Remembering an era when racial terror prevented witnesses from coming forward

A newspaper account of a white man under grand jury investigation in the death of a black man contains the following sentence:

Seven or eight ….eyewitnesses have provided testimony consistent with Wilson’s account, but none of them have spoken publicly out of fear for their safety…

This has to be from a Southern newspaper, Mississippi perhaps, regarding a killing in the 1950s or 1960s, right?  After all, that was the era when racial terror made witnesses with information about a white man killing a black man afraid to come forward and speak publicly, right? The witnesses were probably afraid that if they gave testimony that would convict the white man they might be visited by the Klu Klux Klan, right?

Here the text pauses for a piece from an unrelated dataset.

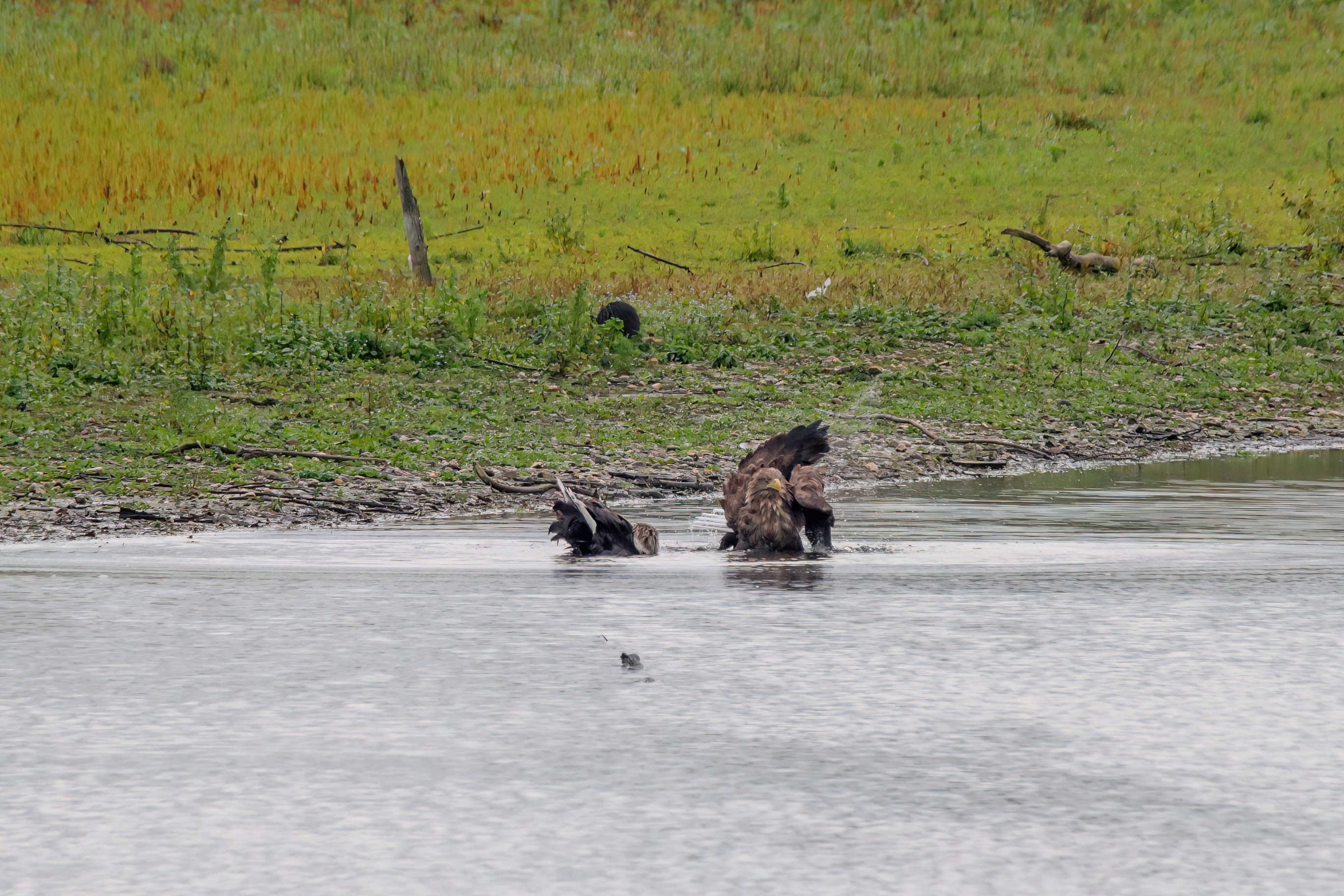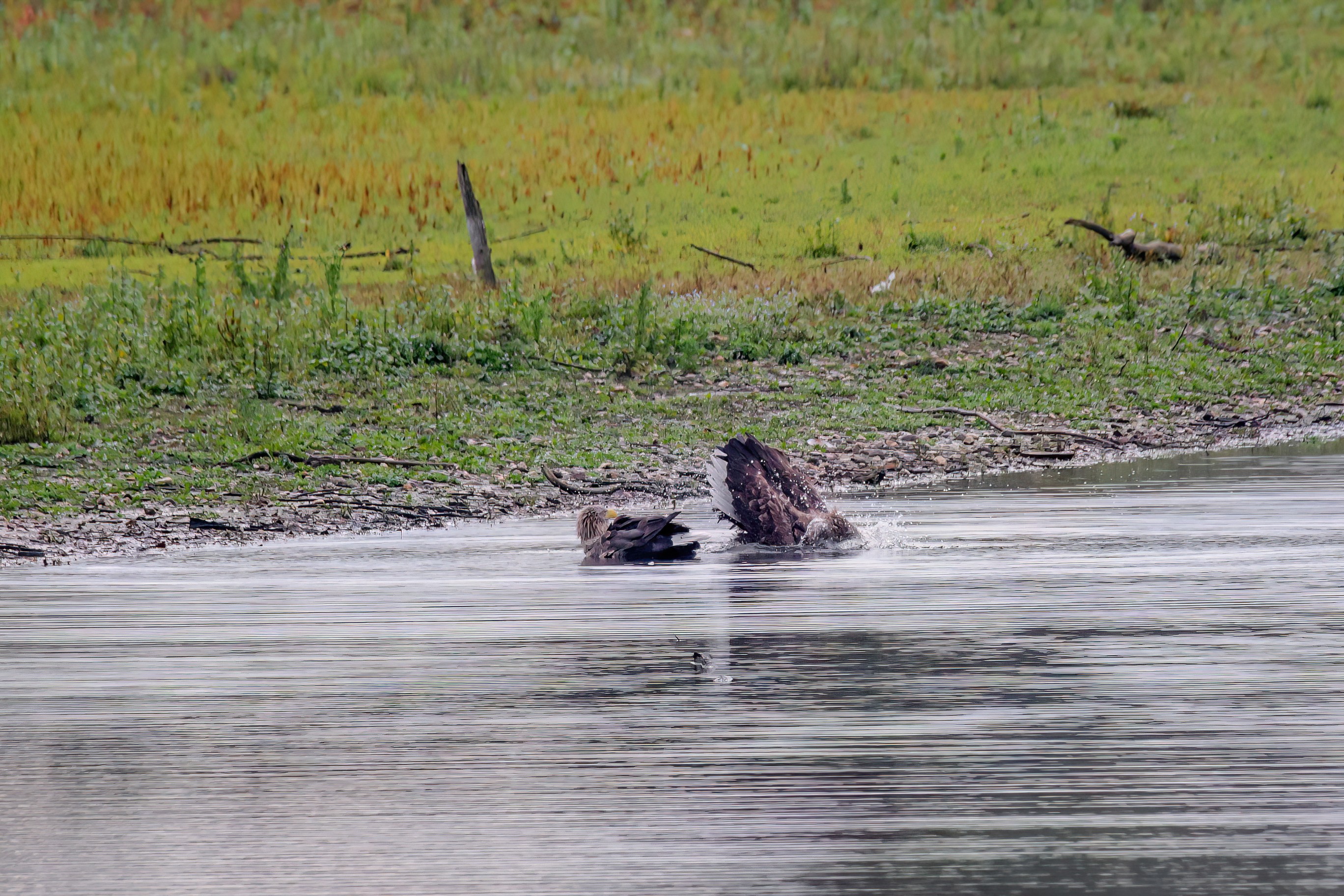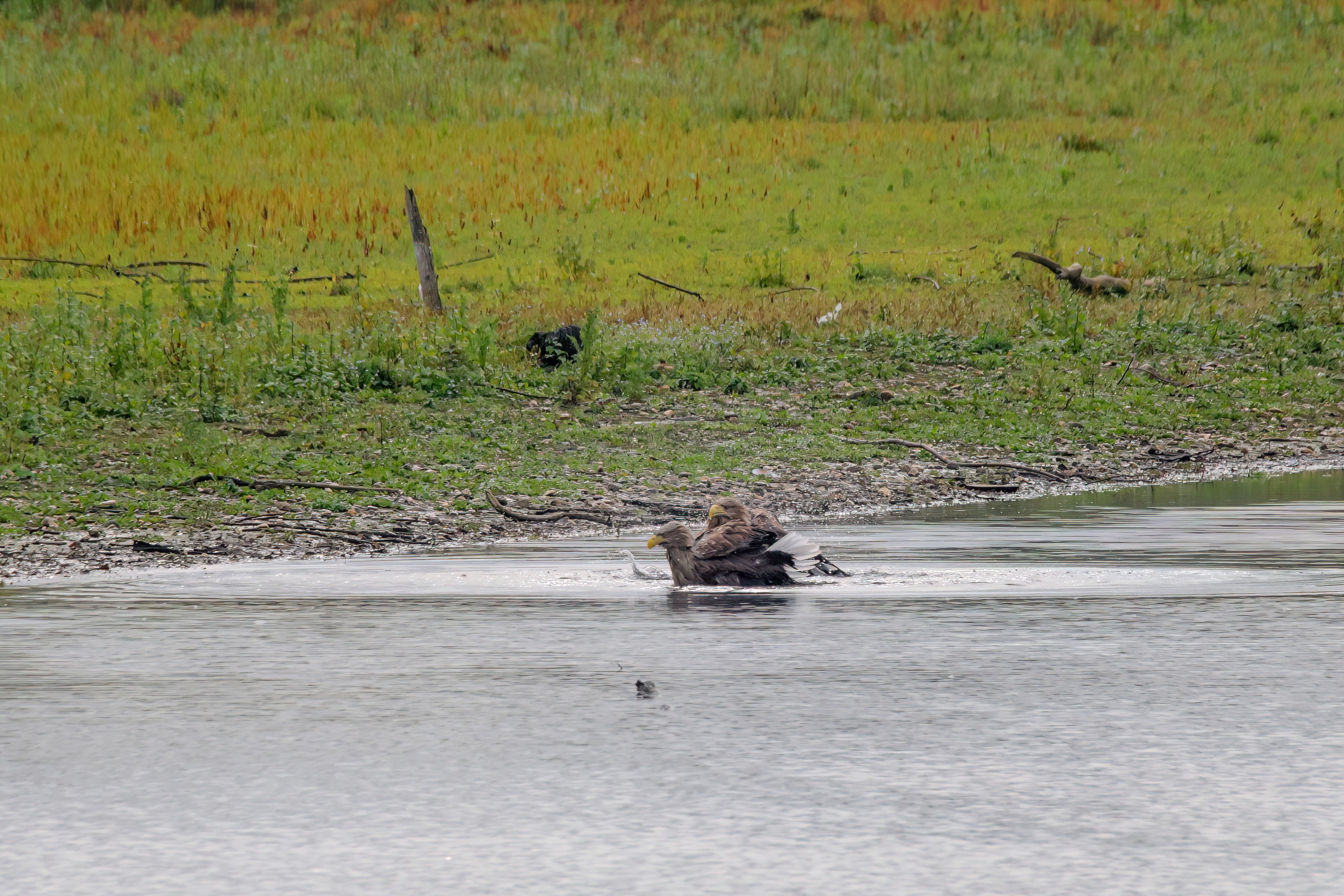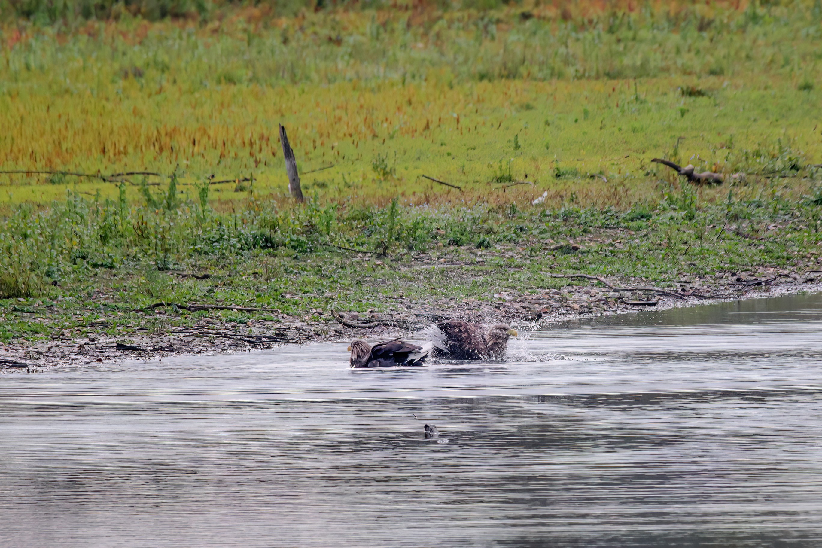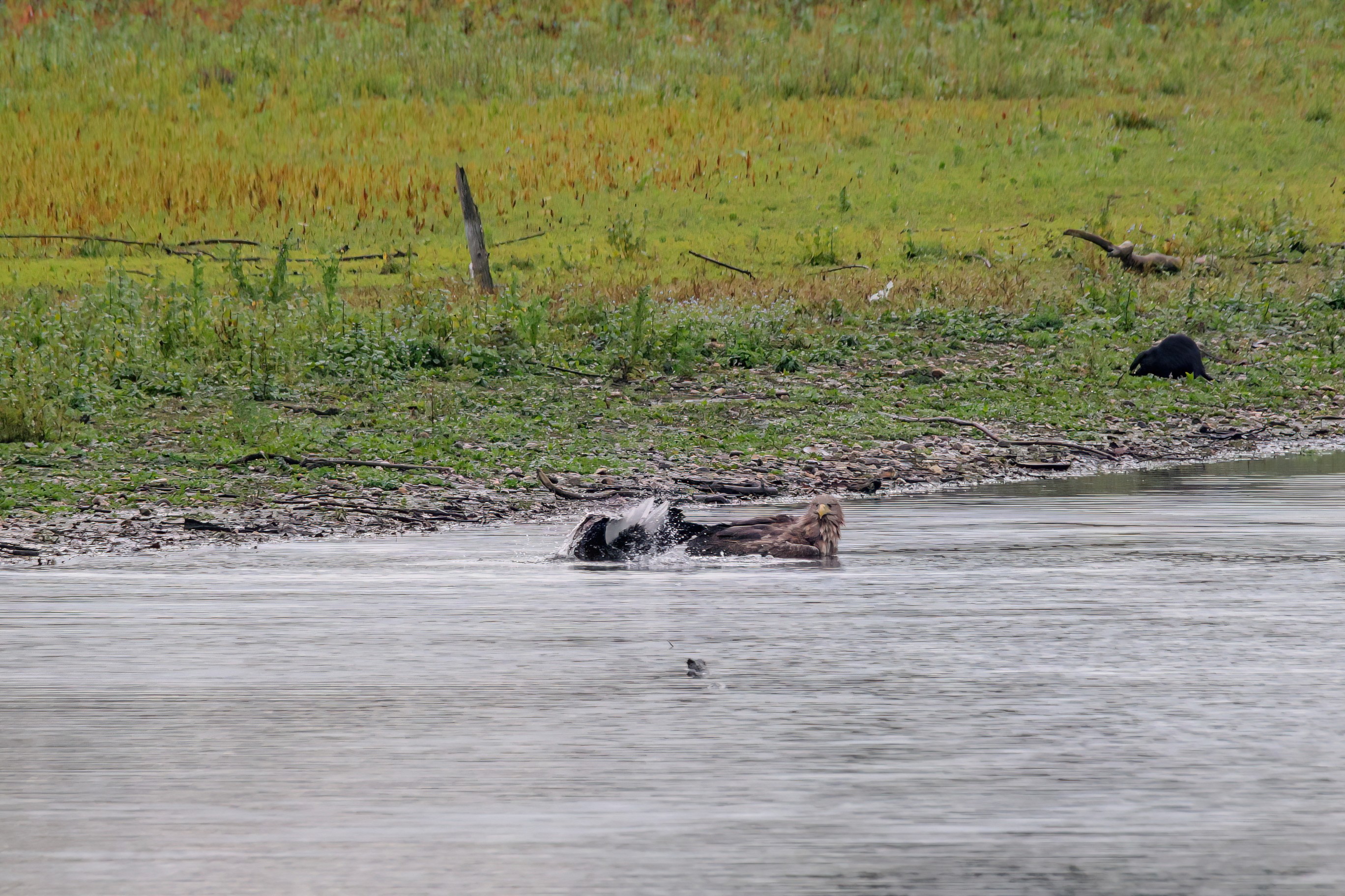 Erfolgreicher Beutefang des neuen Seeadlerweibchens am Ende des Gewässers der Beobchtungshütte III. Im zweiten Anflug wurde eine Stockente geschlagen. Eine weitere Bildstrecke zeigt den Habitatsgründer "Rheingold" mit dem neuen Seeadlerweibchen beim gemeinsamen Badevergnügen.

No, that sentence is from today’s Washington Post and it’s about the grand jury investigation of Ferguson, MO police officer Darren Wilson in the shooting of Michael Brown.  The witnesses are all black and they are afraid to speak publicly about what they saw not because their testimony will prove Wilson is guilty of homicide, but because their testimony tends to show that Officer Wilson acted properly when Brown attacked him and placed him in mortal danger.

Now, who is responsible for this racial terror?  Bull Connor is long gone from the scene and there are none like him around anymore.  The Klu Klux Klan exists today only in micro form and it has no power to credibly threaten anyone. There’s just Al Sharpton, Jesse Jackson, and a few hundred thousand of their black followers and a few more hundred thousand white liberals playing this race card to intimidate witnesses.

By the way and just for the record, Bull Connor was a Democrat.